But what of the lesser-known heroes? Have they merely faded into obscurity?
This week’s Torah portion seems to be dedicated to those men and women whom the larger world might never have heard of, but whose deeds shaped our peoples history.
Starting with the Parsha's name, Pinchas. Pinchas (or in its rather turn-of-the-century sounding anglicized form, Phineas) was basically an extra in the Torah's narrative. But he rose to the occasion, as recounted in last week's parsha, by taking matters into his own hand and heroically putting a stop to mass desecration of G-d's name. He was rewarded by becoming an honorary Kohen (and his descendants too.)
Then we have the amazing incident of the "Daughters of Tzelofchad". These five special women, Machlah, Noa, Choglah, Milkah and Tirtzah were the only offspring of their father.

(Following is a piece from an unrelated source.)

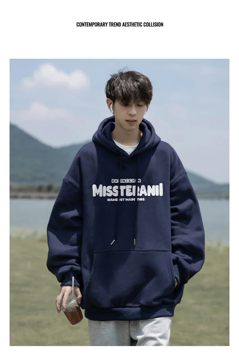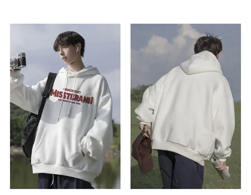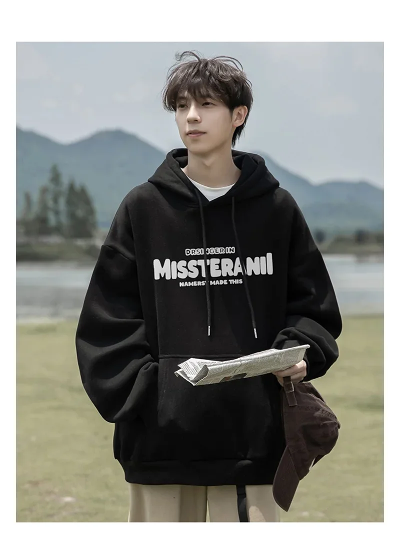 2024 Neu im Vintage-Stil, lässig, Kapuzenpullover für Herren, mit Buchstaben bedruckt, lockere Passform, Kapuzenpullover, Herbst, Y2K, Streetwear, modischer Trainingsanzug

As their father had no sons, it seemed there would be no one to inherit his portion in the Land of Israel, as up till this point, the Torah had only mentioned inheritance passing on to sons. They stood up and spoke to Moses and Aaron, asking them if it was fair that their father should lose his portion only because he lacked sons.

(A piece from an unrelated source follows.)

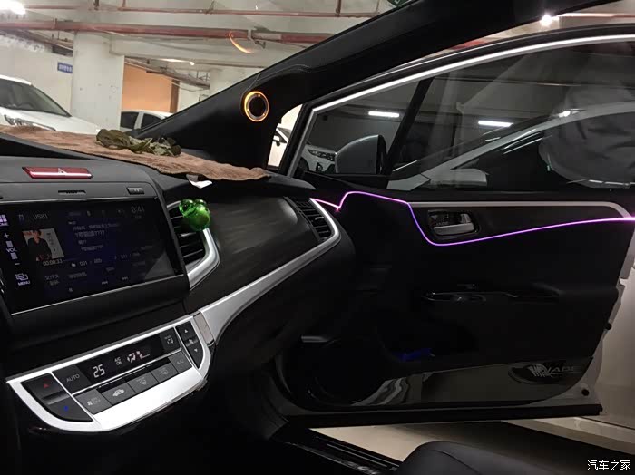 用的是冷光线,四门跟全景天窗都做了。冷光线的好处,不会发热,不用粘胶水和3M胶。安装直接塞进裂缝里,没有瑕疵。

G-d informed Moses that the women's claim was correct, that they themselves should inherit the land! The commentaries ask, "Why didn't the Torah mention this law earlier? Why wait until the question came up?" The answer, is that this law was destined be recorded in the Torah in the merit of these women, who could have remained silent, but chose to make their voice heard.
And finally, we read of Moses' successor Joshua. At this stage in his life, he was a student, who served Moses faithfully. But as Moses is preparing to pass away, G-d instructs him to bequeath some of his holiness to Joshua in the eyes of the whole nation, to prepare him for his role as the future leader of the Jewish people.
These men and women were not nearly as famous as others. But by acting when no one else could, their deeds carried enormous weight. In our lives, we each have a little of the zealotry of Pinchas, the bravery of Tzelofchad's daughters, and the leadership capabilities of Joshua. By knowing when to tap into these inner powers, we too can change the world for the better.